Fana, which owns the Key Bank Building neighboring Four 106, had been planning to develop the newly sold site for years. The company secured the appropriate permits to replace an existing 40,300-square-foot office structure with a 21-story tower featuring eight levels of below-grade parking. Now, Patrinely and Dune will follow suit. In addition to the high-rise, the new owners will build a 6,500-square-foot Pavilion Blvd. of retail offerings along what is currently a surface parking lot. Four 106 will also offer an unidentified list of COVID-friendly amenities.

Winning the tech popularity contest

Four 106 will sprout up in the right place at the right time, as while the metropolitan Seattle market may have its pockets of problem areas, overall, the city’s office market remains strong, and Bellevue is faring particularly well.
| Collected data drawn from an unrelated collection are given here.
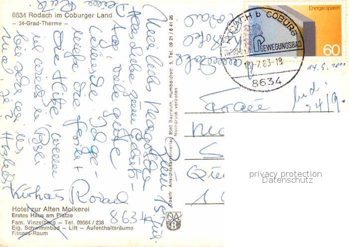 72853070 alte Postkarte Rodach Coburg Thermalbad postalisch gelaufen Erhaltung siehe scans [NatalD47] KatCode: 11110009473158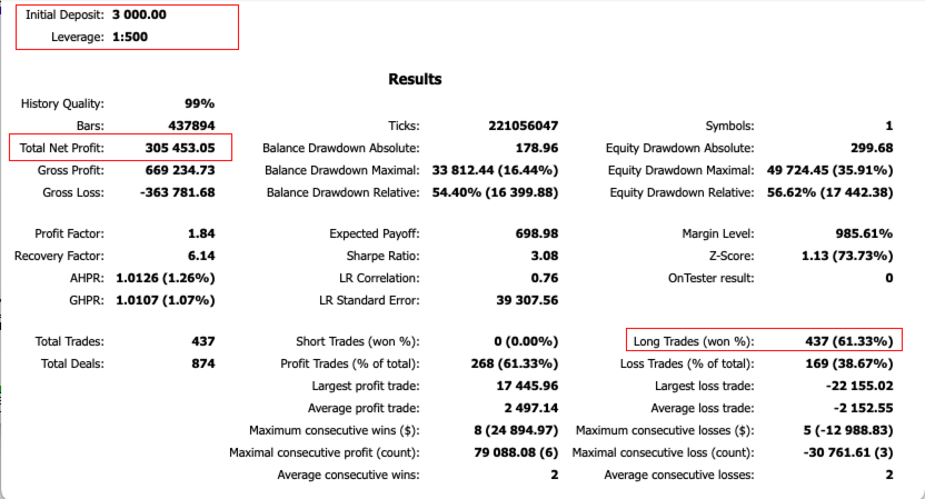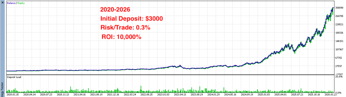 Backtesting results should be interpreted carefully. Always validate performance across multiple market conditions before deploying on a live account.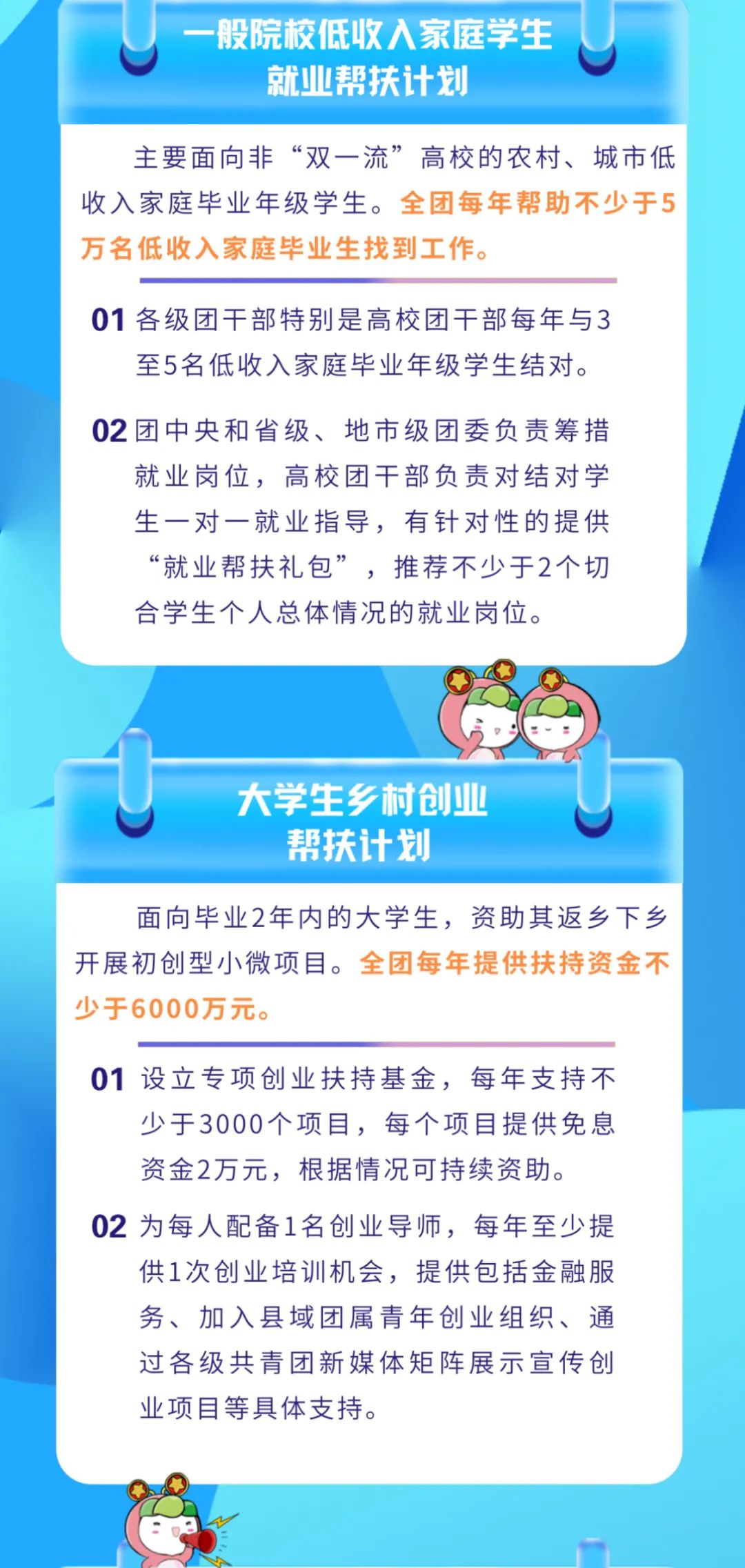 面向非“双一流”高校的农村、城市低收入家庭毕业年级学生,实施一般院校低收入家庭学生就业帮扶计划,组织各级团干部特别是高校团干部,每年与3至5名学生结对,提供一对一就业指导,推荐不少于2个切合学生个人总体情况的就业岗位,每年帮助不少于5万名学生找到工作;

As noted in a Kidder Mathews report, at year-end 2021, the Bellevue central business district had the highest quoted average rent of any submarket in metro Seattle at an annual $55.68 per square foot. Newmark remarks in a fourth quarter 2021 report that Amazon’s prolific expansion in the Bellevue CBD is driving rents upward. However, Amazon is not the only tech giant that is seeking elbowroom on the Eastside.

“Google, Facebook and Microsoft are also growing, though in the Eastside’s suburban submarkets, a fact that is not lost on investors,” according to the Newmark report. As noted on Patrinely’s website, the new owners of Four 106 will break ground on the office tower in spring 2022.